Activity :: In the data below, begin at the line with "bolt act. rifle, Husqvarna" and stop after the line with "Голова обтянута трикотажем."; output those lines exactly and no pictures.

Input material ::
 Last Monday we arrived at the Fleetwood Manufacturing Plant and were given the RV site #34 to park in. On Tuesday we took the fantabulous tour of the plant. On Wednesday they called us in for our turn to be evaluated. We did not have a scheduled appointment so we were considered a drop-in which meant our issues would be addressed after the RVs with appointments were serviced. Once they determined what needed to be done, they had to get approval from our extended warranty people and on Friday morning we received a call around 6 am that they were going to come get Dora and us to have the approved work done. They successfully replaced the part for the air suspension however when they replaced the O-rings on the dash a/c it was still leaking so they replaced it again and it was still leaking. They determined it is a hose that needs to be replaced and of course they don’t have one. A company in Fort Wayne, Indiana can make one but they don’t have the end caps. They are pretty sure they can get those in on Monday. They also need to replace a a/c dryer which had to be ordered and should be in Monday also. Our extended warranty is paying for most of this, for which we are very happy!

---

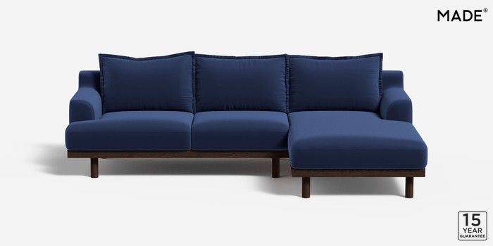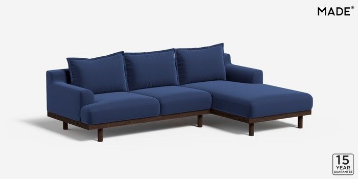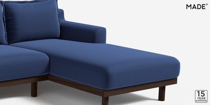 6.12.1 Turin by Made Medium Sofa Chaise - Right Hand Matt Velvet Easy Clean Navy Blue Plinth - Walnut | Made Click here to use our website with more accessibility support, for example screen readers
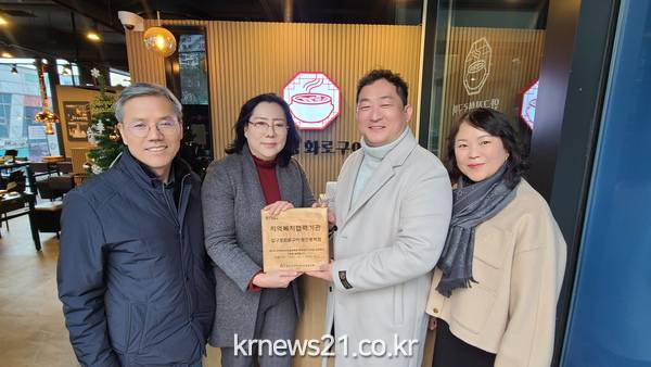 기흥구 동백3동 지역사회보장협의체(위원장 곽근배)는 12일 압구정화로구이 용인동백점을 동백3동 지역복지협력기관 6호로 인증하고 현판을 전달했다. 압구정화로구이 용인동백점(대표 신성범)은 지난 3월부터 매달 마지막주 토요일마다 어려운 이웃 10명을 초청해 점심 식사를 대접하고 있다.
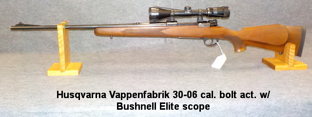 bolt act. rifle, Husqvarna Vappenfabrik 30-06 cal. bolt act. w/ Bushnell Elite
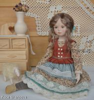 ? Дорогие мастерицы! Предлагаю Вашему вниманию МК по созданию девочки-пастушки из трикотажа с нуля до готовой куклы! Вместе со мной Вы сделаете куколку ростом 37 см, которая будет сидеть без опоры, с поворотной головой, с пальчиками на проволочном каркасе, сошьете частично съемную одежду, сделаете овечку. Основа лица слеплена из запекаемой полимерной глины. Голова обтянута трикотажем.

Task output ::
 bolt act. rifle, Husqvarna Vappenfabrik 30-06 cal. bolt act. w/ Bushnell Elite
 ? Дорогие мастерицы! Предлагаю Вашему вниманию МК по созданию девочки-пастушки из трикотажа с нуля до готовой куклы! Вместе со мной Вы сделаете куколку ростом 37 см, которая будет сидеть без опоры, с поворотной головой, с пальчиками на проволочном каркасе, сошьете частично съемную одежду, сделаете овечку. Основа лица слеплена из запекаемой полимерной глины. Голова обтянута трикотажем.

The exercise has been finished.